Family involvement extended beyond parent-child relationships to encompass multi-generational support across three dimensions: behavioural involvement (practical support), cognitive-intellectual involvement (knowledge development) and personal involvement (emotional support). The research highlights how broader societal factors, including academic expectations, gender expectations and resource constraints, generate tensions within families around hobby participation. Both families and children actively navigate these tensions, with families negotiating some constraints while accepting others as cultural norms. Children’s autonomy develops through negotiations with family members that balance their preferences with cultural values, prioritising academic achievement and familial cohesion. These negotiations involve contextual judgments about children's evolving capacities, which vary across different hobby domains rather than following fixed age-based criteria.

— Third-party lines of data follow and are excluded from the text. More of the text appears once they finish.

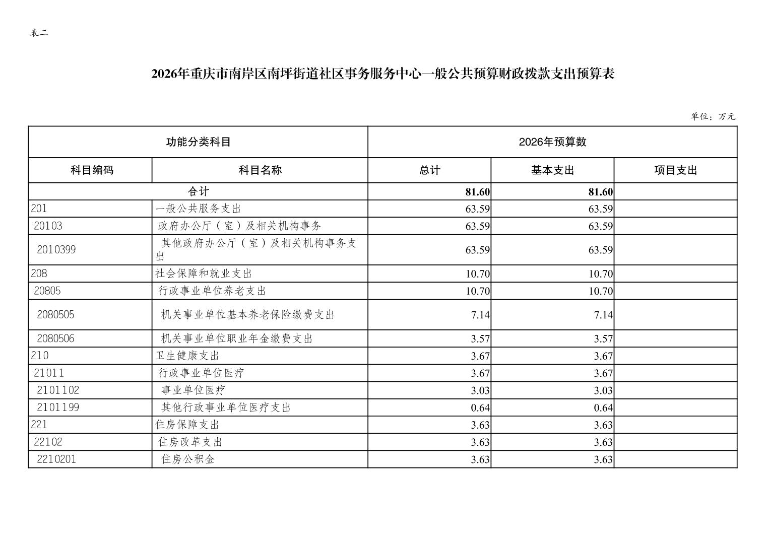 重庆市南岸区南坪街道社区事务服务中心2026年单位预算情况说明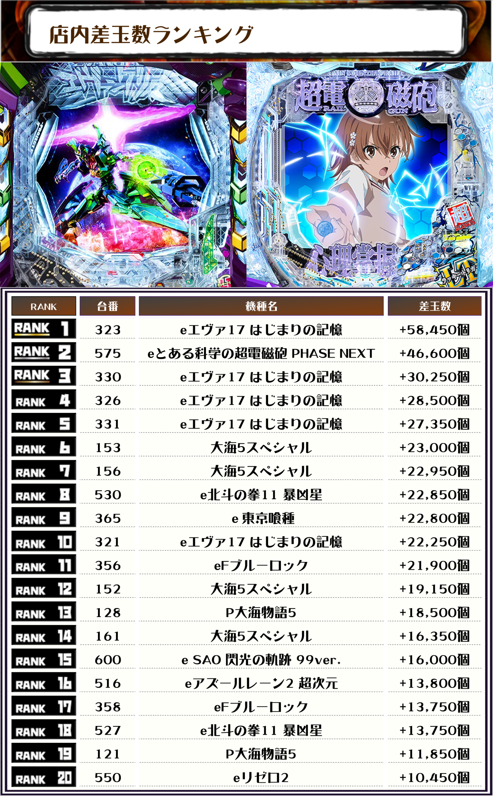 また、2位にはeとある科学の超電磁砲 PHASE NEXT・575番台+46,600発、3位にはeエヴァ17 はじまりの記憶・330番台】の+30,250発がランクインしました🏆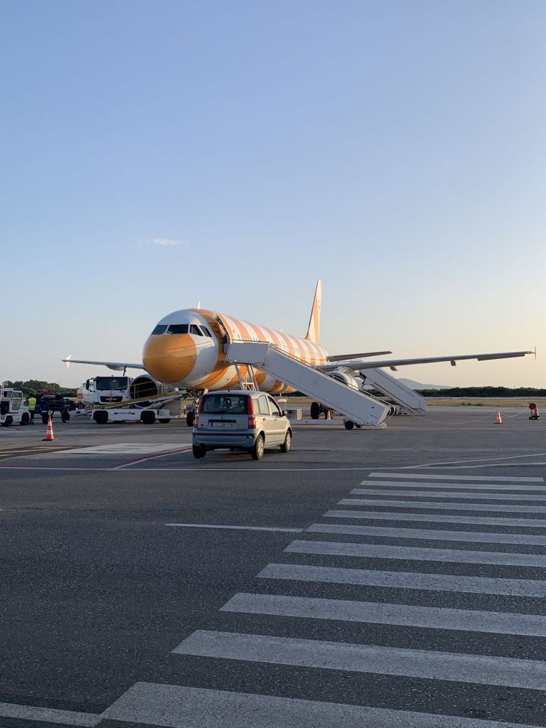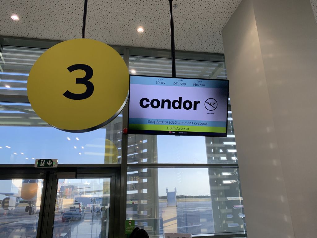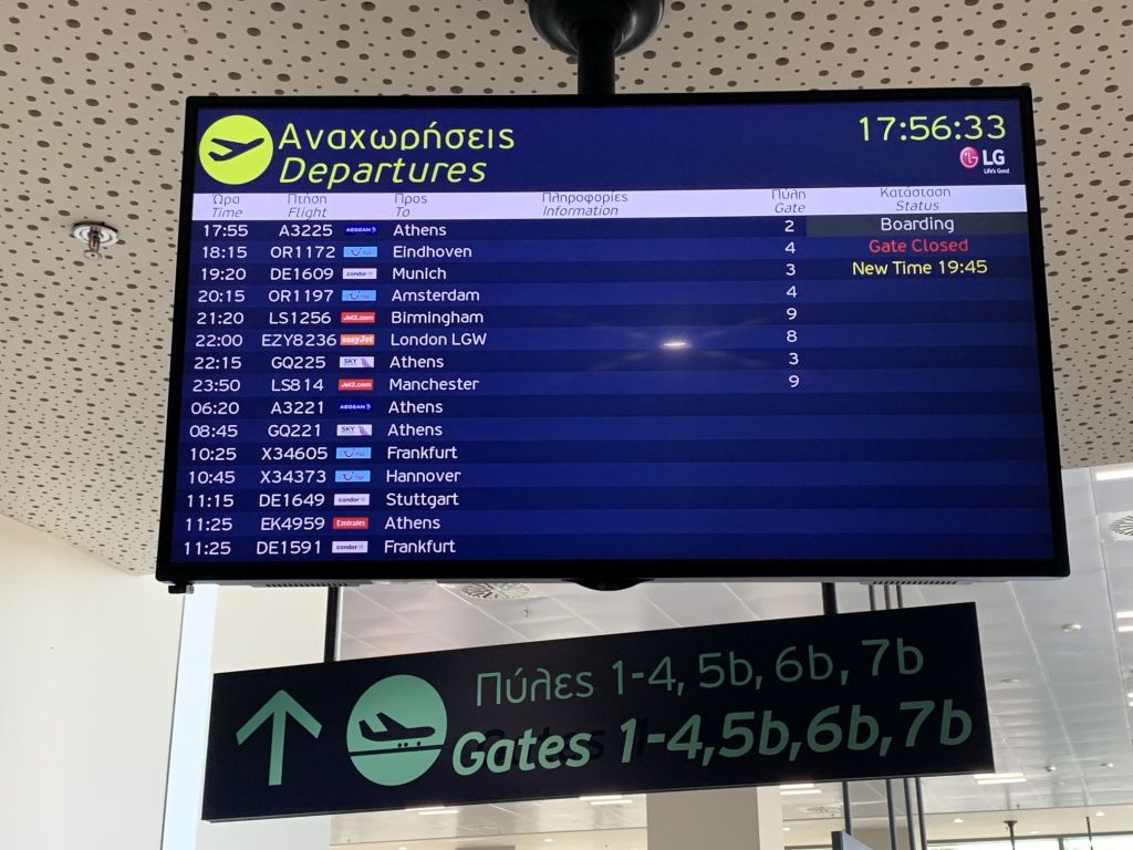 Wir kommen rechtzeitig am Flughafen an. Das deutsche „rechtzeitig“ bedeutet in Griechenland „viel zu früh“. Dummerweise addiert sich zu der ohnehin langen Wartezeit auch noch eine Flugverspätung! Es gilt, sich abermals zwei Stunden um die Ohren zu schlagen.

This thesis contributes to childhood studies and children's participation research by demonstrating how Chinese children's hobby understandings differ from established North American “serious leisure” frameworks that emphasise productivity and individual skill development. Instead, Chinese children conceptualise hobbies through emotional satisfaction and social connection, supported by linguistic analysis showing how the Chinese term “爱好(hobby)” (love and fondness) shapes understanding. The research discusses participation as a relational process that operates as a fluid continuum rather than following hierarchical models and adapt Grolnick and colleagues' educational involvement framework to hobby contexts through culturally distinctive multi-generational practices. The thesis concludes by highlighting implications for policy and practice that prioritise structural rather than family-level interventions. Policy implications emphasise addressing systemic educational pressures through comprehensive implementation of existing reforms while developing family education programs that increase participation rights awareness within cultural frameworks. The research shows tensions around digital hobby participation where protective policies may inadvertently limit children's participation, suggesting the need for more nuanced approaches that balance protection with participation.
Practice implications call for supporting professionals in understanding relational and cultural contexts of participation, recognising that valuable family support emerges through emotional engagement and co-learning rather than requiring expertise, and acknowledging multi-generational involvement in children's hobby decisions.